Entries taken from a collection

>>>>

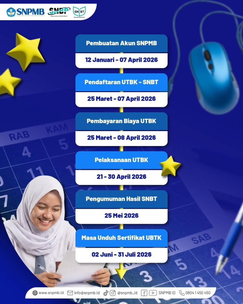 Selanjutnya, pelaksanaan Ujian Tulis Berbasis Komputer (UTBK) dijadwalkan berlangsung pada 21 hingga 30 April 2026. Hasil seleksi kemudian akan diumumkan pada 25 Mei 2026, yang menjadi penentu kelulusan peserta untuk masuk ke Perguruan Tinggi Negeri (PTN) pilihan.
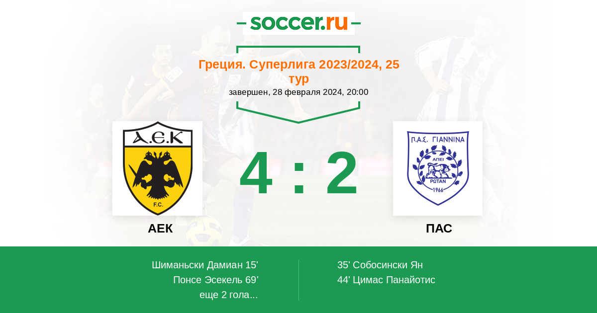 | АЕК | 54:24 | 30:11 | 24:13 |
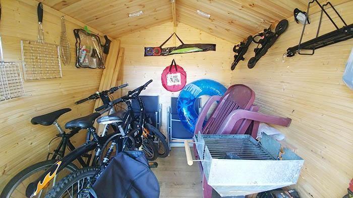 - einen Geräteschuppen mit: Grill, weiteren Gartenstühlen, Liegestuhl und Sonnenliege,
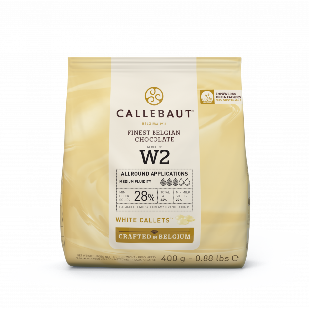 Le Chocolat Blanc W2 s'associera parfaitement avec de nombreux ingrédients qu'ils soient acide, amer, épicé ou fruité. D'une fluidité intermédiaire, le Chocolat Blanc 28% W2 Callebaut est un chocolat blanc polyvalent qui pourra être utilisé aussi bien pour la réalisation de barres chocolatées, de mousses, de crèmes glacées ou de boissons. Sa couleur brillante et satinée saura séduire au premier regard avant que le croquant et les saveurs du chocolat W2 ne fassent le reste.
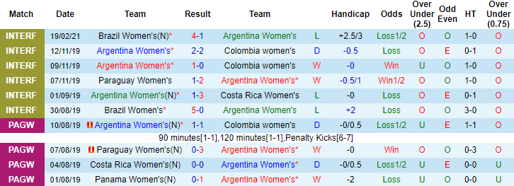 + Soi tỷ lệ kèo châu Á: 2 lần đối đầu Argentina (W) gần đây, Canada (W) toàn thua theo kèo châu Á. 5 trận liên tiếp gần đây Canada (W) không biết mùi chiến thắng nên họ càng khó hứa hẹn vượt kèo chấp -2 1/4 ở trận đấu sắp tới. Chọn: Argentina (W).
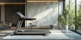 Modern Treadmill Placed in a Stylish Living Room Setting, Inviting Active Living and Home Fitness

<<<<

When you transcribe the entries, reproduce each line exactly and skip any picture.

 Selanjutnya, pelaksanaan Ujian Tulis Berbasis Komputer (UTBK) dijadwalkan berlangsung pada 21 hingga 30 April 2026. Hasil seleksi kemudian akan diumumkan pada 25 Mei 2026, yang menjadi penentu kelulusan peserta untuk masuk ke Perguruan Tinggi Negeri (PTN) pilihan.
 | АЕК | 54:24 | 30:11 | 24:13 |
 - einen Geräteschuppen mit: Grill, weiteren Gartenstühlen, Liegestuhl und Sonnenliege,
 Le Chocolat Blanc W2 s'associera parfaitement avec de nombreux ingrédients qu'ils soient acide, amer, épicé ou fruité. D'une fluidité intermédiaire, le Chocolat Blanc 28% W2 Callebaut est un chocolat blanc polyvalent qui pourra être utilisé aussi bien pour la réalisation de barres chocolatées, de mousses, de crèmes glacées ou de boissons. Sa couleur brillante et satinée saura séduire au premier regard avant que le croquant et les saveurs du chocolat W2 ne fassent le reste.
 + Soi tỷ lệ kèo châu Á: 2 lần đối đầu Argentina (W) gần đây, Canada (W) toàn thua theo kèo châu Á. 5 trận liên tiếp gần đây Canada (W) không biết mùi chiến thắng nên họ càng khó hứa hẹn vượt kèo chấp -2 1/4 ở trận đấu sắp tới. Chọn: Argentina (W).
 Modern Treadmill Placed in a Stylish Living Room Setting, Inviting Active Living and Home Fitness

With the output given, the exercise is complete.